Show that the solution \(X_t\) of

\[ dX_t=X_t^2 dt + X_t dB_t\]

where \(X_0=1\) and \(B_t\)  is a standard Brownian motion has the representation

\[ X_t = \exp\Big( \int_0^t X_s ds -\frac12 t + B_t\Big)\]

Practice with Ito and Integration by parts

Define

\[ X_t =X_0 + \int_0^t B_s dB_s\]

where \(B_t\) is a standard Brownian Motion. Show that \(X_t\) can also be written

\[ X_t=X_0 + \frac12 (B^2_t -t)\]

 

BDG Inequality

Consider \(I(t)\) defined by \[I(t)=\int_0^t \sigma(s,\omega)dB(s,\omega)\] where \(\sigma\) is adapted and \(|\sigma(t,\omega)| \leq K\) for all \(t\) with probability one. Inspired by   problem “Homogeneous Martingales and Hermite Polynomials”  Let us set
\begin{align*}Y(t,\omega)=I(t)^4 – 6 I(t)^2\langle I \rangle(t) + 3 \langle I \rangle(t)^2 \ .\end{align*}

  1. Quote  the problem “Ito Moments” to show that \(\mathbb{E}\{ |Y(t)|^2\} < \infty\) for all \(t\). Then  verify that \(Y_t\) is  a martingale.
  2. Show that \[\mathbb{E}\{ I(t)^4 \} \leq 6 \mathbb{E} \big\{ \{I(t)^2\langle I \rangle(t) \big\}\]
  3. Recall the Cauchy-Schwartz inequality. In our language it states that
    \begin{align*}
    \mathbb{E} \{AB\} \leq (\mathbb{E}\{A^2\})^{1/2} (\mathbb{E}\{B^2\})^{1/2}
    \end{align*}
    Combine this with the previous inequality to show that\begin{align*}\mathbb{E}\{ I(t)^4 \} \leq 36 \mathbb{E} \big\{\langle I \rangle(t)^2 \big\} \end{align*}
  4. We know that  \(I^4\) is a submartingale (because \(x \mapsto x^4\) is convex). Use the Kolmogorov-Doob inequality and all that we have just derived to show that
    \begin{align*}
    \mathbb{P}\left\{ \sup_{0\leq s \leq T}|I(s)|^4 \geq \lambda \right\} \leq ( \text{const}) \frac{ \mathbb{E}\left( \int_0^T \sigma(s,\omega)^2 ds\right)^2 }{\lambda}
    \end{align*}

Ito Variation of Constants

For  functions \(f(x)\) and\( g(x) \) and constant \(\beta>0\),  define \(X_t\) as the solution to the following SDE
\[dX_t = – \beta X_t dt + h(X_t)dt + g(X_t) dW_t\]

where \(W_t\) is a standard Brownian Motion.

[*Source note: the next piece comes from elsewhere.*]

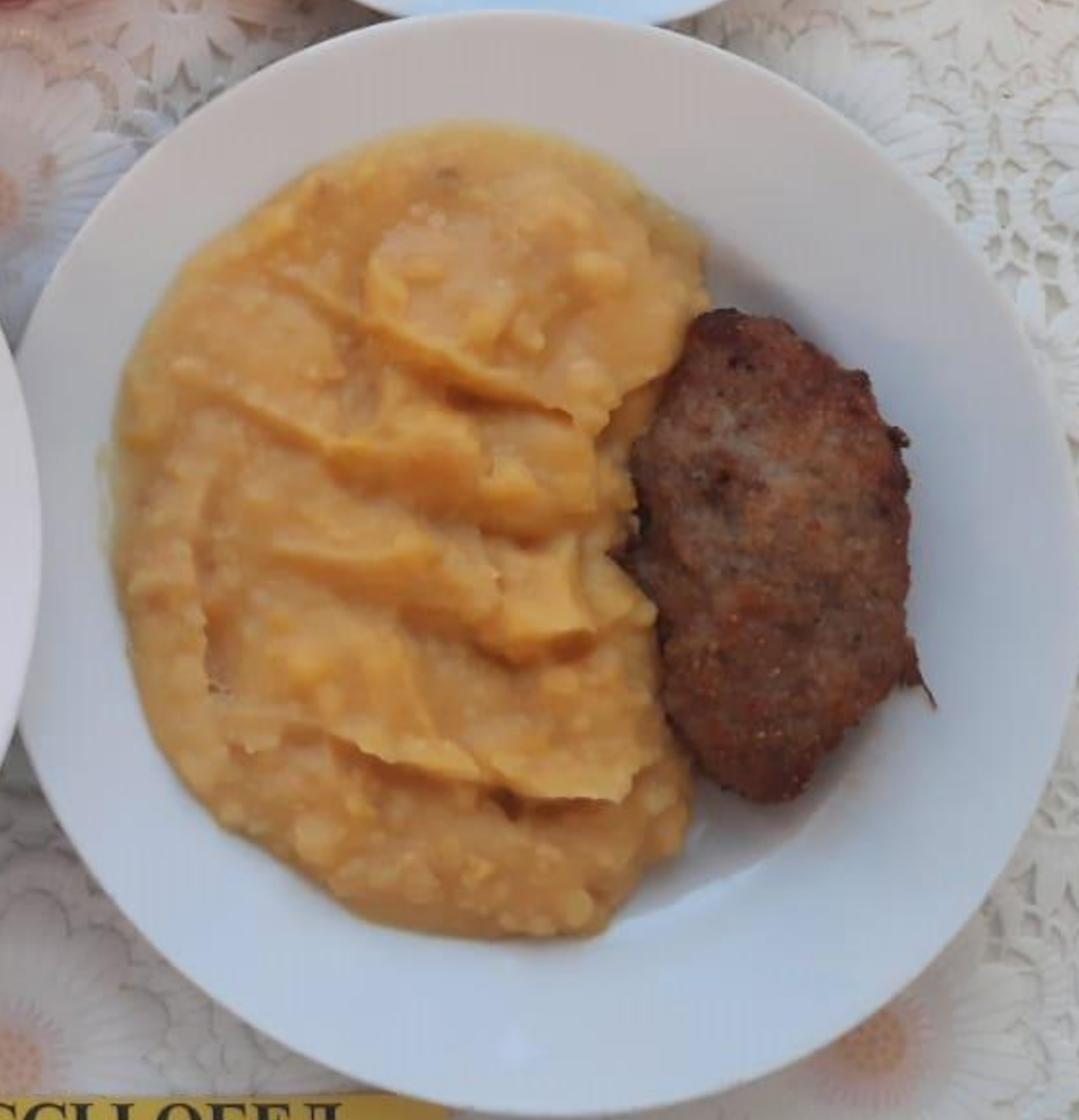
5-11 КЛАССЫ ОБЕД ЛЬГОТНОЙ КАТЕГОРИИ (1 И 2 СМЕНА)

  1.  Show that \(X_t\) can be written as
    \[X_t = e^{-\beta t} X_0 + \int_0^{t}  e^{-\beta (t-s)} h(X_s) ds +  \int_0^{t}  e^{-\beta (t-s)} g(X_s) dW_s\]
    See exercise:  Ornstein–Uhlenbeck process for guidance.
  2. Assuming that \(|h(x)| < K\)  and \(|g(x)|<K\), show that  there exists a constant \(C(X_0)\) so that
    \[ \mathbf E [|X_t|] < C(X_0) \]
    for all \(t >0\). It might be convenient the remember the Cauchy–Schwarz inequality.
  3. * Assuming that \(|h(x)| < K\)  and \(|g(x)|<K\), show that  for any integer \(p >0\) there exists a constant \(C(p,X_0)\) so that
    \[ \mathbf E [|X_t|^{2p}] < C(p,X_0) \]
    for all \(t >0\). See exercise: Ito Moments for guidance.

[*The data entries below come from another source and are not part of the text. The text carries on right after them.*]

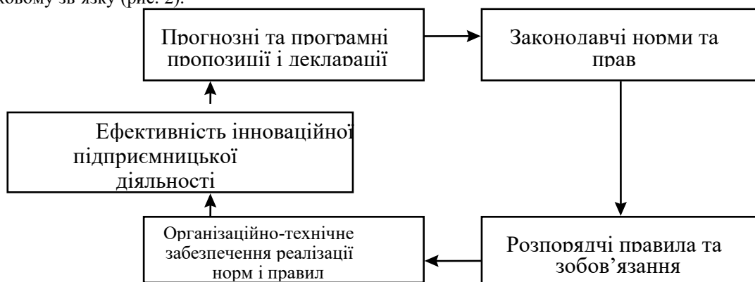
Рис. 2. Взаємозв'язок механізмів соціально-економічних мотивацій інноваційних підприємницьких структур

При розробці цих механізмів передусім слід враховувати те, що вони перебувають у причинно-наслідковому зв'язку (рис. 2).
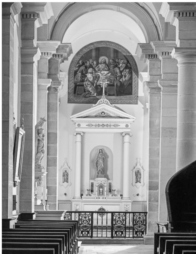
Vue d'ensemble de l'autel-retable gauche. 70, Valay
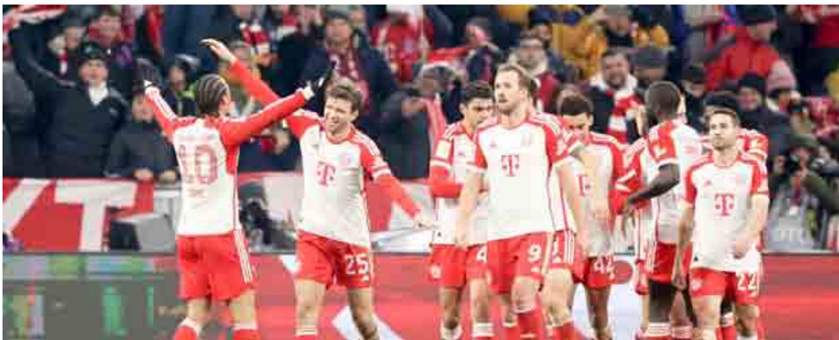
MUNDIAL DE CLUBES
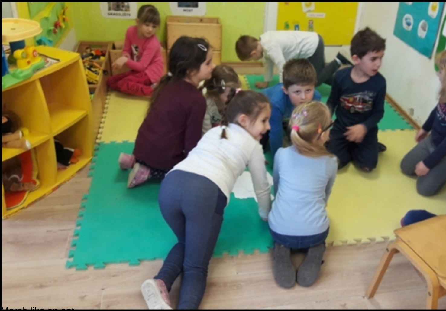
March like an ant
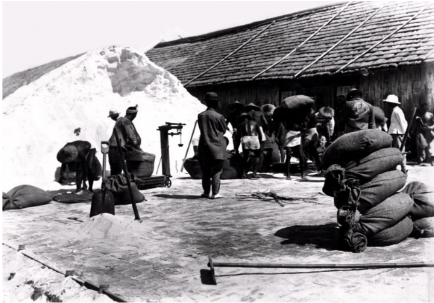
Rajah 1.2 Tempat Penghasilan Garam Semasa Penaklukan Jepun Di Taiwan 27

situ untuk memproses penghasilan garam dan menanam tebu.
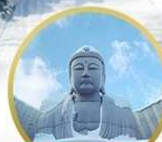
เป็นเขาพระพุทธรเจ้า

Ornstein–Uhlenbeck process

For \(\alpha \in \mathbf R\) and \(\beta >0\),  Define \(X_t\) as the solution to the following SDE
\[dX_t = – \beta X_t dt + \alpha dW_t\]

where \(W_t\) is a standard Brownian Motion.

  1.  Find \( d(e^{\beta t} X_t)\) using Ito’s Formula.
  2. Use the calculation of   \( d(e^{\beta t} X_t)\) to show that
    \begin{align}  X_t = e^{-\beta t} X_0 + \alpha \int_0^t e^{-\beta(t-s)} dW_s\end{align}
  3. Conclude that \(X_t\) is Gaussian process (see exercise: Gaussian Ito Integrals ). Find its mean and variance at time \(t\).
  4. * Let \(h(t)\) and \(g(t)\) be  deterministic functions of time and let \(Y_t\) solve
    \[dY_t = – \beta Y_t dt + h(t)dt+ \alpha g(t) dW_t\]
    show find a formula analogous to part 2 above for \(Y_t\) and conclude that \(Y_t\) is still Gaussian. Find it mean and Variance.

Ito Integration by parts

Recall that if \(u(t)\) and \(v(t)\) are deterministic functions which are once differentiable then the classic integration by parts formula states that
\[ \int_0^t u(s) (\frac{dv}{ds})(s)\,ds = u(t)v(t) – u(0)v(0) – \int_0^t v(s) (\frac{du}{ds})(s)\,ds\]

As is suggested by the formal relations

\[ (\frac{dv}{ds})(s)\,ds=dv(s) \qquad\text{and}\qquad (\frac{du}{ds})(s)\, ds=du(s)\]

this can be rearranged  to state

\[ u(t)v(t)- u(0)v(0)=  \int_0^t u(s) dv(s) + \int_0^t v(s) du(s)\]

which holds for more general Riemann–Stieltjes integrals. Now consider two Ito processes \(X_t\) and \(Y_t\) given by

\[dX_t=b_s ds + \sigma_s dW_t \qquad\text{and}\qquad dY_t=f_s ds + g_s dW_t \]

where \(W_t\) is a standard Brownian Motion. Derive the “Integration by Parts formula” for Ito calculus by applying Ito’s formula to \(X_tY_t\). Compare this the the classical formula given above.